# Iron man



## DarkRey (Feb 21, 2009)

well i didnt know how to use the pen tool in photoshop so i started googling for some tutorials which will help me to learn it
so i stumbled on this tutorial which was about creating the Iron man's mask with the use of the pen tool.
after going through the steps(and a series of "smack the monitor" sessions  
	

	
	
		
		

		
			





 ), i finally managed to finish it. 


not perfect as the tutorial 




dark edition (changed the colours to make it much more darker)






tutorial link (if anyone want to try it) 
http://www.adobetutorialz.com/articles/303...movie-wallpaper


----------



## Edgedancer (Feb 21, 2009)

Wow. Very impressive.


----------



## ball2012003 (Feb 21, 2009)

i like how the dark one has the xbox 360 power button on its forehead
great job


----------



## DarkRey (Feb 22, 2009)

thnx for the comments


----------



## Orangegamer (Feb 22, 2009)

u just made my day
i needed something to do
because i was so bored
and now that u showed me that website
i can make stuff
lol
THaNks DarkRey
keep up the good work
hope to see more fantastic masterpieces


----------



## Toni Plutonij (Feb 22, 2009)

Nice man, even if it is tutorial, it takes some knowledge to handle it, and it's really nice how it turned out, I like it 
	

	
	
		
		

		
		
	


	




And thanks for the link, I'll check it out!

I tried and did the same tutorial, tweaked it a bit, and added stuff around just for the better impression..

Very nice tutorial, maybe hard at some points, but very good for practicing!

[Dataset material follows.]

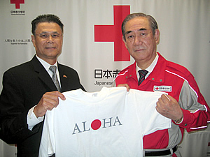 ハワイが州を挙げて取り組む、東日本大震災被災地救済キャンペーン「アロハ・フォー・ジャパン」を通じて集まった寄付金が、震災より1ヵ月で$3ミリオン(約2億5千万円)に上ったことが発表されました。 アロハ・フォー・ジャパンの窓口をつとめるハワイ日米協会(JASH)の、エド・ホーキンス専務理事は、今週はじめに急遽東京を訪問し、集まった義援金のなかから、まずは$1ミリオン(約8,300万円)の小切手を、日本赤十字社へ寄付しました。
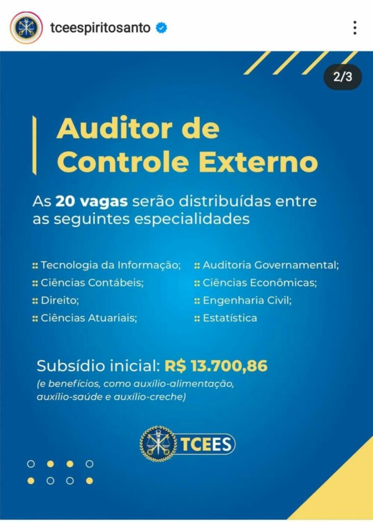 O salário inicial para auditor de controle externo no TCE-ES é de R$ 13.700,86, além de benefícios, como auxílio-alimentação, auxílio-saúde e auxílio-creche. Já para o cargo de conselheiro-substituto, o valor é de R$ 33.689,11.

This is what I came up with:





EDIT: Picture is a bit big..


----------



## DarkRey (Feb 23, 2009)

looks nice man , love those glowing lines surrounding iron man


but you should have added some spikeness to it and made him green(pluton it)


----------



## p1ngpong (Feb 23, 2009)

Wow great job man, very impressive!  
	

	
	
		
		

		
		
	


	






			
				ball2012003 said:
			
		

> i like how the dark one has the xbox 360 power button on its forehead
> great job



Yeah and I love how he gave him three red lights of death also!


----------